[[ Data block, beginning ]]
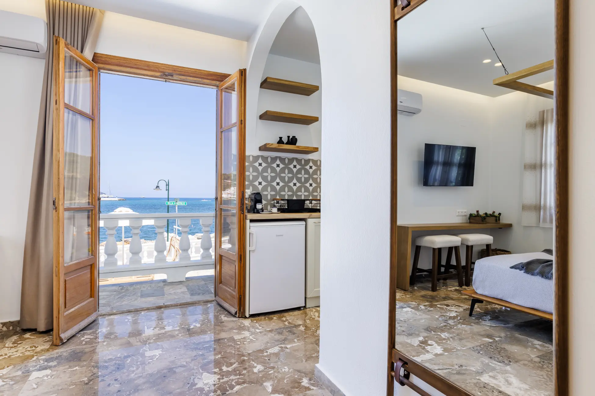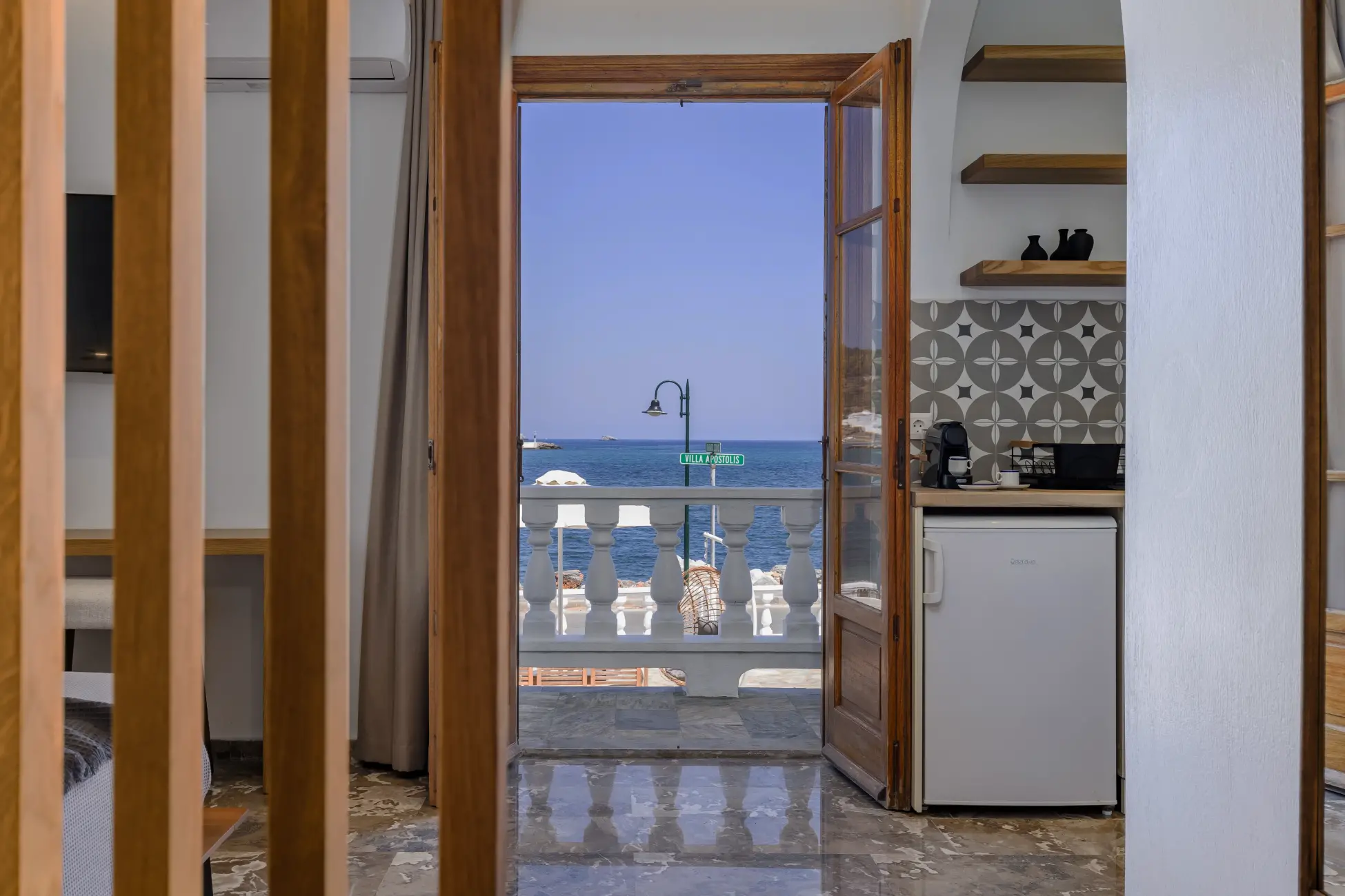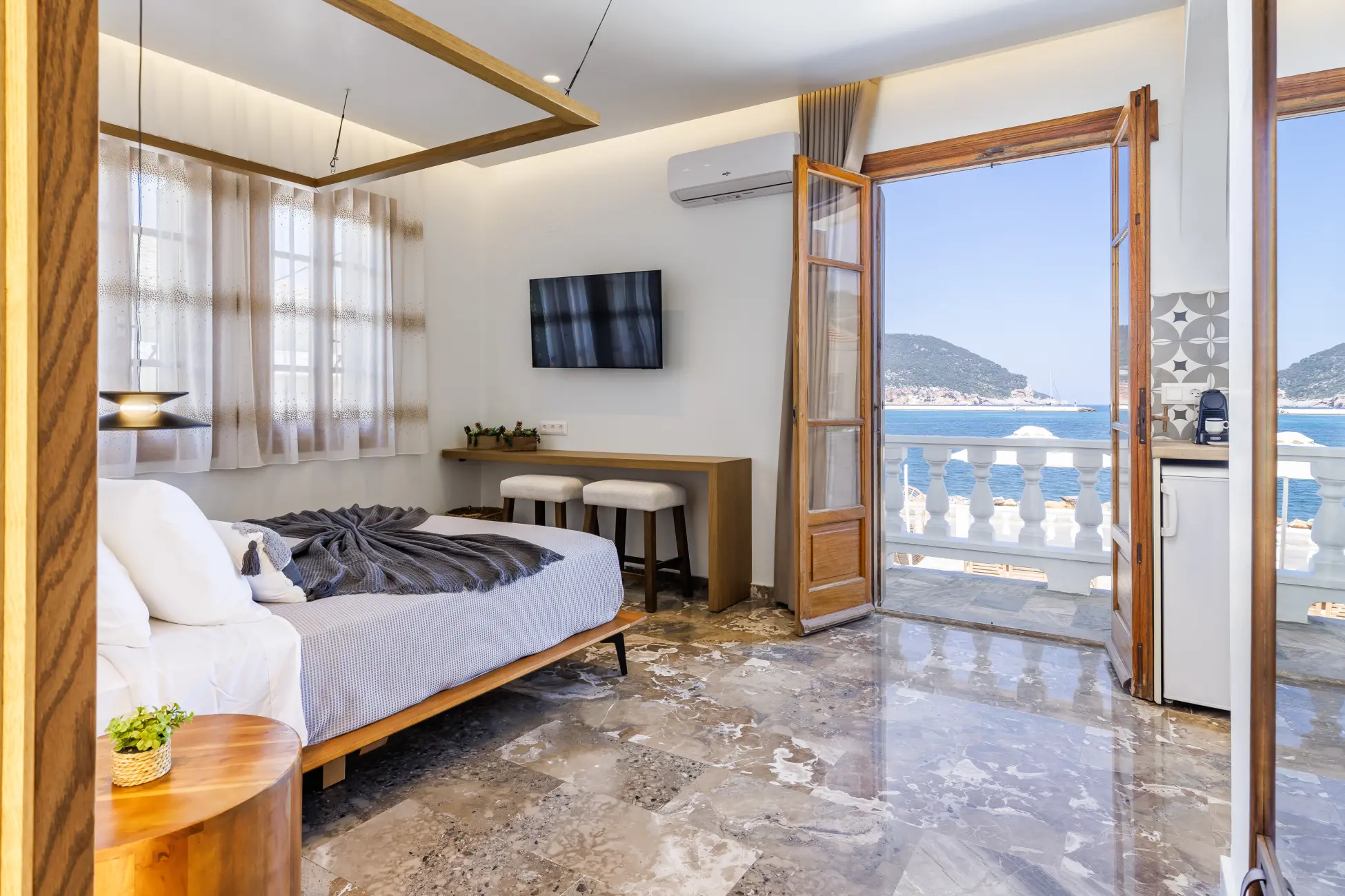 Our Deluxe studio encompass both breathtaking views of the sea, and a comfort like no other. As the sound of the waves gently lull you to sleep at night, you will not only feel refreshed, but also energized.
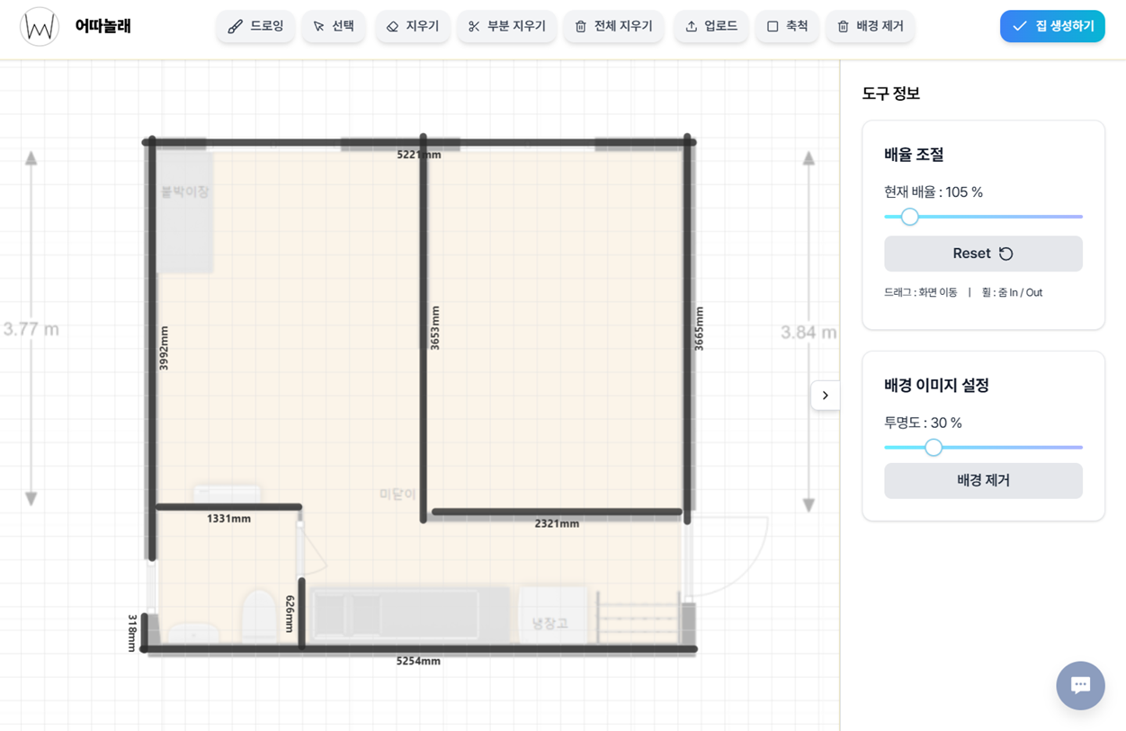문제: 사용자가 수동으로 본인의 집의 벽을 확인해서 도면을 그리게끔 하는 것은 매우 비효율적입니다.
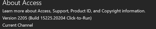 MariaDB back-end; MS Access front-end; Windows 10; Office version: version 2205 (Build 15225.20092)
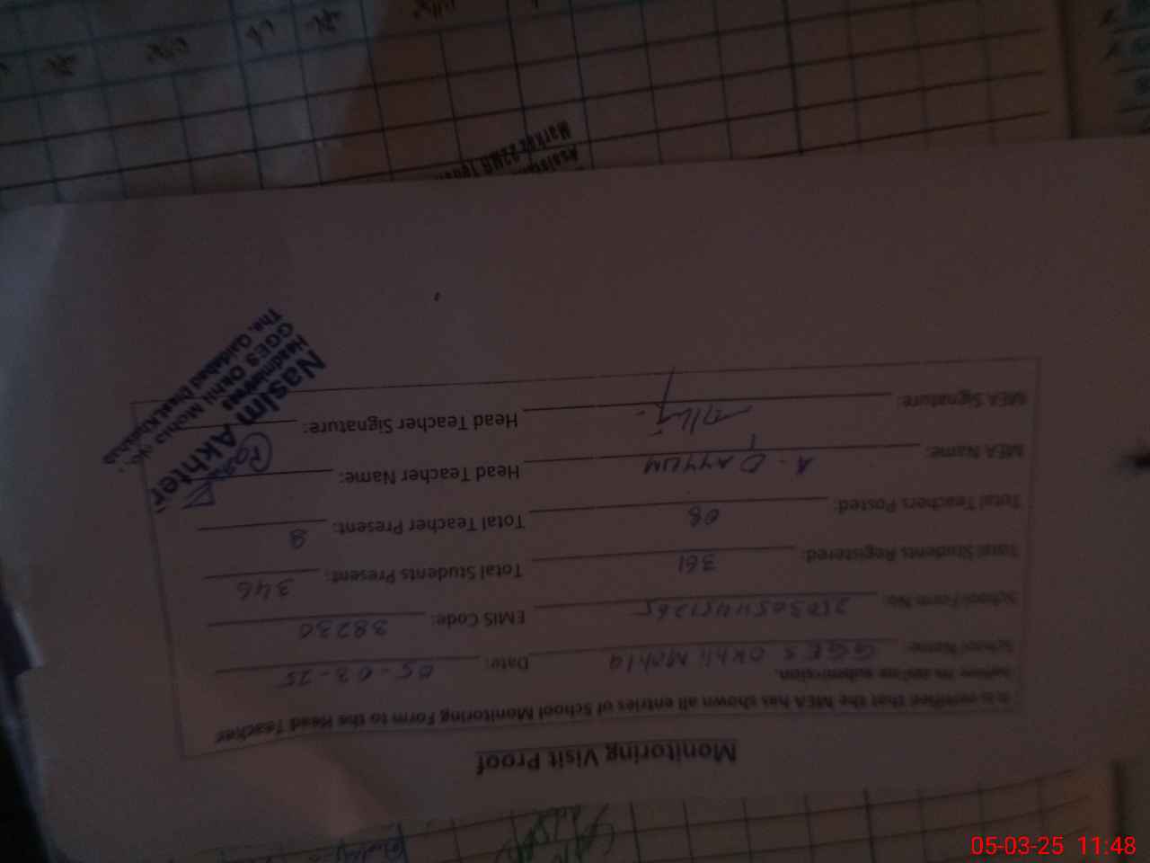 | Attendance Register | Head Teacher | MEA with School | Visit Proof |
[[ Data block, end ]]
_Your objective_
Ignore the images and quote every line of the listing exactly.

_Finished task_
 Our Deluxe studio encompass both breathtaking views of the sea, and a comfort like no other. As the sound of the waves gently lull you to sleep at night, you will not only feel refreshed, but also energized.
문제: 사용자가 수동으로 본인의 집의 벽을 확인해서 도면을 그리게끔 하는 것은 매우 비효율적입니다.
 MariaDB back-end; MS Access front-end; Windows 10; Office version: version 2205 (Build 15225.20092)
 | Attendance Register | Head Teacher | MEA with School | Visit Proof |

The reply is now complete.